:: Data extracts ::
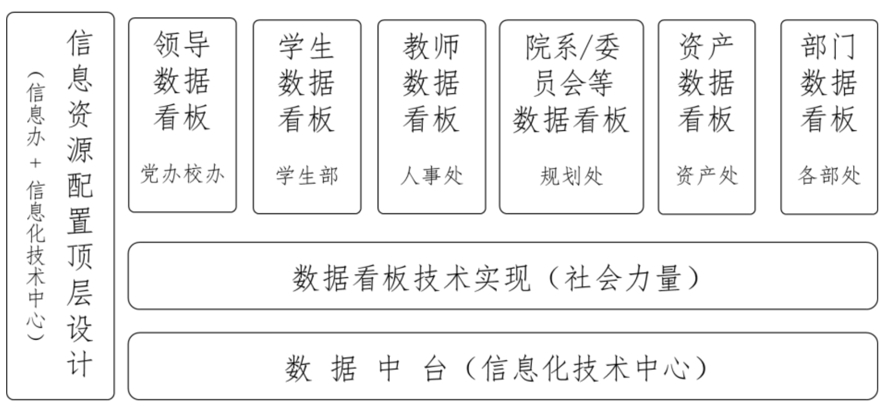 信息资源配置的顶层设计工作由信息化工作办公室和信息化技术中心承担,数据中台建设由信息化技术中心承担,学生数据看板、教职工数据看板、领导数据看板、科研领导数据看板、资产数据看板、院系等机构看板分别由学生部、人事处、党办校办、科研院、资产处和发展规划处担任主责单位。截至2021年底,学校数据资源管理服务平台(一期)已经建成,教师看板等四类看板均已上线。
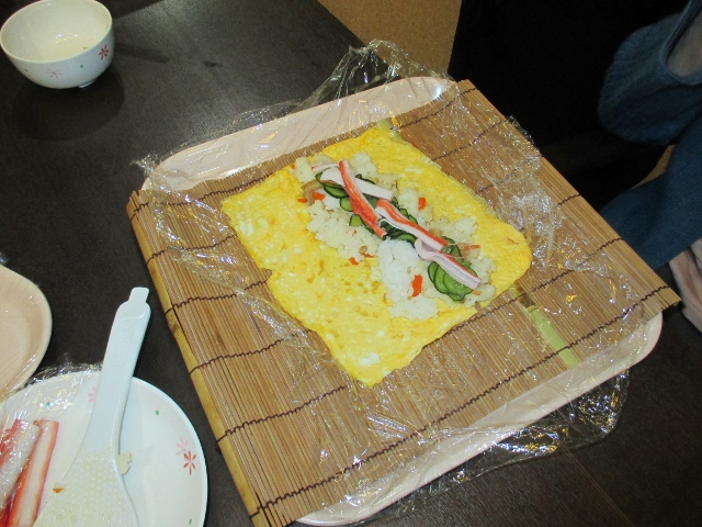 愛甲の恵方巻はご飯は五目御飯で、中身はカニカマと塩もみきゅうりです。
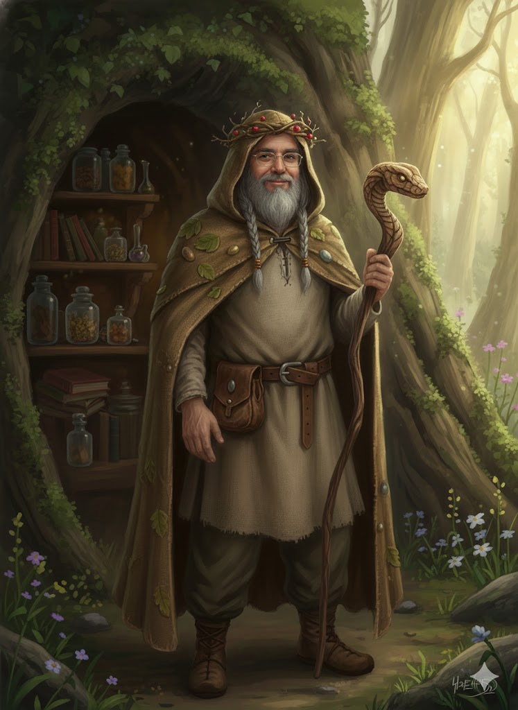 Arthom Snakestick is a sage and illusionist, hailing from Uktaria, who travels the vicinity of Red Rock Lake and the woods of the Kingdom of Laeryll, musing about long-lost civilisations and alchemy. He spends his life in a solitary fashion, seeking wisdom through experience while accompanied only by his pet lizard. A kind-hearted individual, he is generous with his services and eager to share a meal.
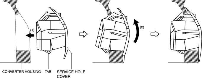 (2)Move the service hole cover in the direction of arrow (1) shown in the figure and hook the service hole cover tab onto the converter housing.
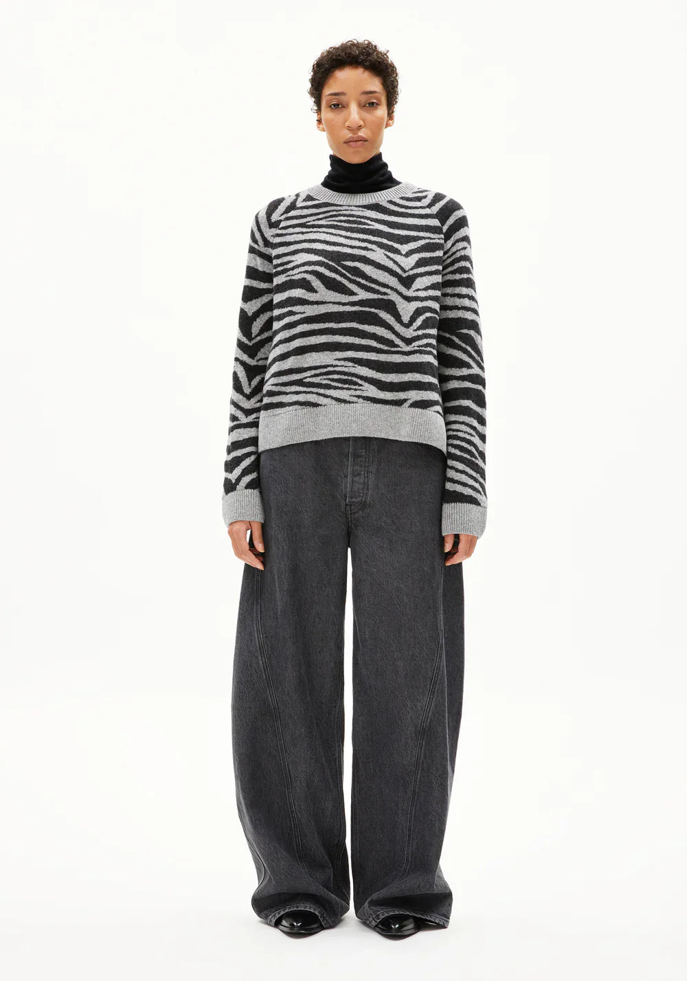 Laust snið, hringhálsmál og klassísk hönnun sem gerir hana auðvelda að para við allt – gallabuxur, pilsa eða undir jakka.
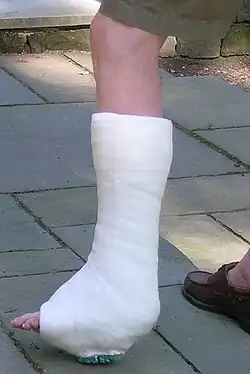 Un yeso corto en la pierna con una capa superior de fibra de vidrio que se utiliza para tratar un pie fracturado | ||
:::
▶ [What you have to do] Exactly the lines from the one containing "(2)Move the service" through the last line of the data above should be output, both ends included, with every picture left out.

▶ [Exercise response]
 (2)Move the service hole cover in the direction of arrow (1) shown in the figure and hook the service hole cover tab onto the converter housing.
 Laust snið, hringhálsmál og klassísk hönnun sem gerir hana auðvelda að para við allt – gallabuxur, pilsa eða undir jakka.
 Un yeso corto en la pierna con una capa superior de fibra de vidrio que se utiliza para tratar un pie fracturado | ||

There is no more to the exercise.